Inspired by a real-life train journey through Scotland on tour for his previous album, The Candle and the Flame, with his musician son Louis, this epic is an undisputed addition to the pantheon of Robert Forster’s greatest songs, while “Foolish I Know,” a tender tale of unrequited same-sex attraction, has to be among his bravest and most beautiful. Louis Forster, incidentally, also makes an impressive appearance on lyrical lead guitar on “Such a Shame,” the heartbreaking tale of a jaded young rock star that ends with the beautiful line “No one I’ve met has seen me yet at my best / No.”

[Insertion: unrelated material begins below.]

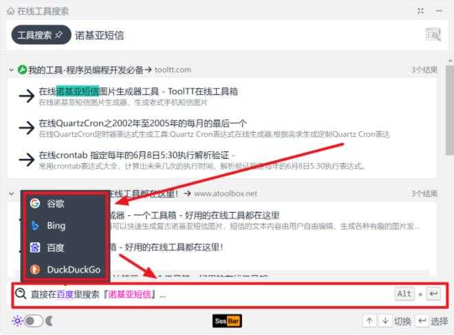 当然,如果你对 sssbar 提供的搜索结果不满意,也能跳到其他搜索引擎另行搜索。
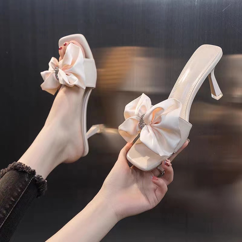 ins仙女风蝴蝶结凉拖鞋女夏外穿25新款百搭露趾一字拖高跟鞋细跟

As with most of the album, the narrator is not Forster himself, any more than he is the English teacher who meets a French woman on the album’s upbeat opening track, “Tell it Back to Me.” “Your world so different from me,” Forster sings, “I was corporate, you were folk.” This relationship was never going to last, but as Robert observes in the next song, it’s “good to cry.” While his echoing, slapback vocals fit the song’s rockabilly vibe, you can hear Forster enjoying the company of his Swedish backing band: producer Peter Morén (of Peter, Björn and John fame) on guitar, Jonas Thorell on bass and Magnus Olsson on drums, supplemented by Lina Langendorf on various horns and Anna Åhman on keyboards.

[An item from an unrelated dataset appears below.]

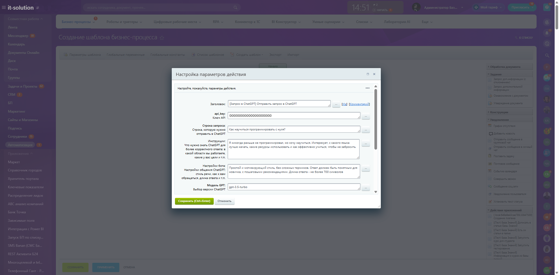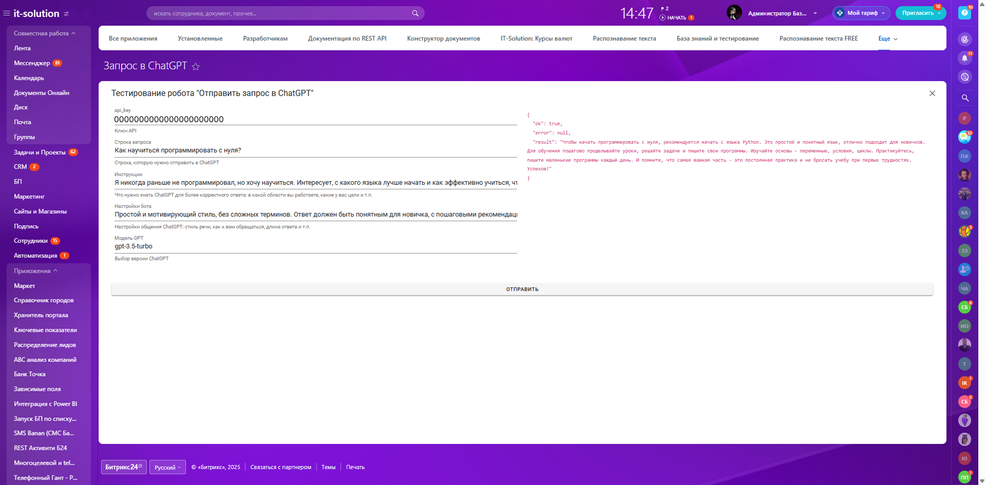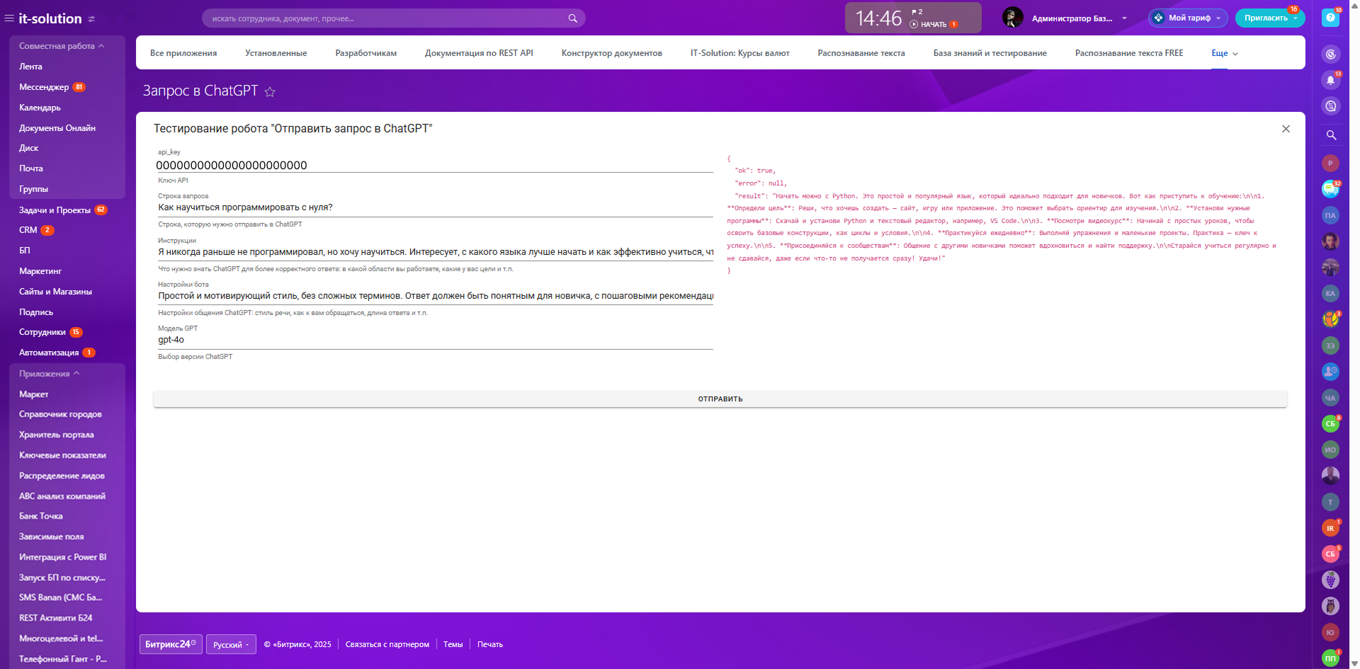 • Для работы с приложением требуется иметь ключ к API OpenAI.• Приложение работает с роботами и бизнес-процессами, убедитесь, что они доступны на вашем тарифе Битрикс24.

The idea, Forster writes in his footnotes, was “to arrive in a town with a clutch of songs, to rehearse, record and mix an album with local musicians over several weeks, and then leave with the record done.” In that spirit, almost the entire Strawberries album was rehearsed and arranged to be recorded live, with very few overdubs, at INGRID Studios in Stockholm. Forster and Morén, a longtime fan from their Go-Betweens days, met and bonded at an Australian festival they both played in 2016. They toured together with the core band Strawberries (Olsson and Thorell) the following year, so their musical commonalities were well explored years before recording began.

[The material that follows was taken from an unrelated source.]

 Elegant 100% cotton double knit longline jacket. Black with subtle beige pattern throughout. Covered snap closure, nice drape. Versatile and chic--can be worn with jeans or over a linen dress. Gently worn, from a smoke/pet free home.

“It’s great to work with someone who’s a real gamer,” says Peter Morén, recalling the intense and focused four-week period working on the album in September/October 2024. “That sense of direction that ‘This is what I do, and this is who I am as I understand it.’ He does what he does in the only way he can and changes and evolves in that sphere, but never loses sight of his personality and strengths.”
“I wanted to blow up the sound of my records to an extent,” is Robert Forster’s somewhat different assessment of the collaboration, “I just wanted to bring in new colours.”
Nowhere is this more evident than on the album’s monumental closing track, “Diamonds,” which begins as a cross between Lou Reed and Buffalo Springfield, then takes off via Astral Weeks in an (almost) Albert Ayler direction, with Lina Langendorf giving free rein on tenor sax and Forster himself forgoing his signature voice for some unexpected bursts of falsetto. It may be a challenge for the more conservative part of the Robert Forster fan community, and that, he says, is “a good thing. I love it. It’s the last song. And you think you know the album, and you think you know Robert Forster. And then this last song comes in that last song I did, you know, sonically and musically.”
It all sounds a lot like the musical equivalent of a 67-year-old man standing in front of a bowl of unusually flavoured strawberries and can’t help but devour them all. After all, what could be ordinary?